[WHAT IS EXPECTED]: Give again, unaltered, the line with "无尘车间,专门制作手机盖板。" and all lines that follow it in the listing below, minus any pictures.

##### INFORMATION SHOWN

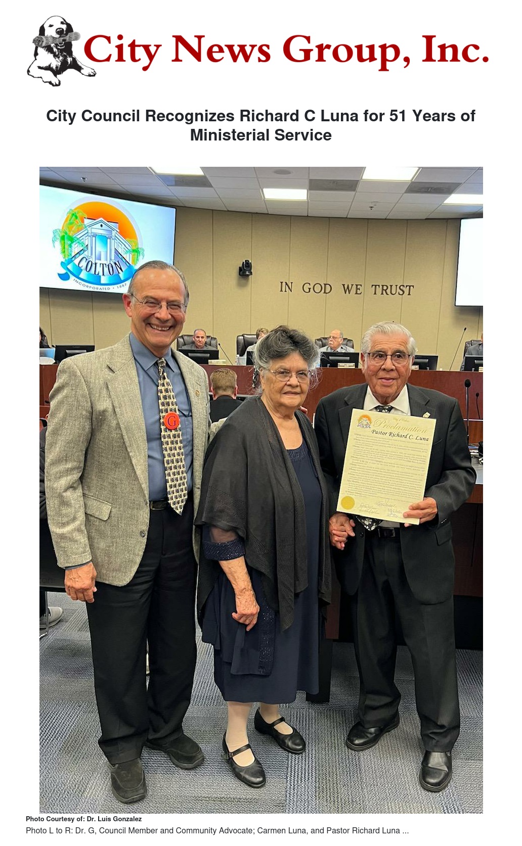 At the recent Clton City Council Meeting April 2, Council Member Dr. G (Dr. Luis S. González) presented a proclamation to Pastor Richard C. Luna, in recognition of his long-standing service to the members of Amazing Grace Apostolic Church, the neighborhood in and around L Street, and to the community of Colton.
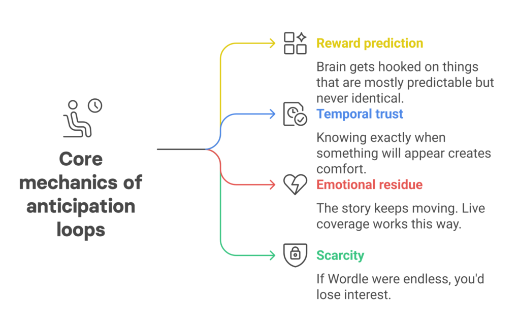 You remember how satisfying yesterday’s Wordle felt. The calm of your morning Espresso. The pulse of following that live blog. Your brain starts looking forward to it again before you even realize it. Waiting turns into wanting. Wanting builds loyalty.
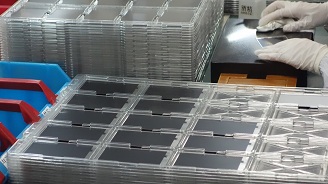 无尘车间,专门制作手机盖板。
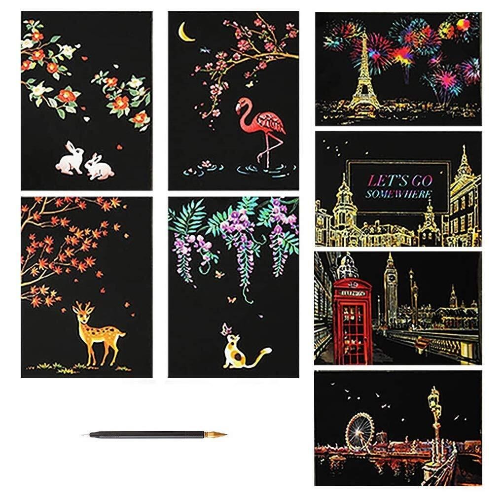 OKUSU-JP 8枚セット スクラッチアート カラフラ ペーパーアート 削るだけで美しいアート 世界的に有名な観光 夜景 花火 面白い 塗り絵 スクラッチ極細ペン1本 大人 子供 世界と風景

##########

[EXERCISE SOLUTION]:
 无尘车间,专门制作手机盖板。
 OKUSU-JP 8枚セット スクラッチアート カラフラ ペーパーアート 削るだけで美しいアート 世界的に有名な観光 夜景 花火 面白い 塗り絵 スクラッチ極細ペン1本 大人 子供 世界と風景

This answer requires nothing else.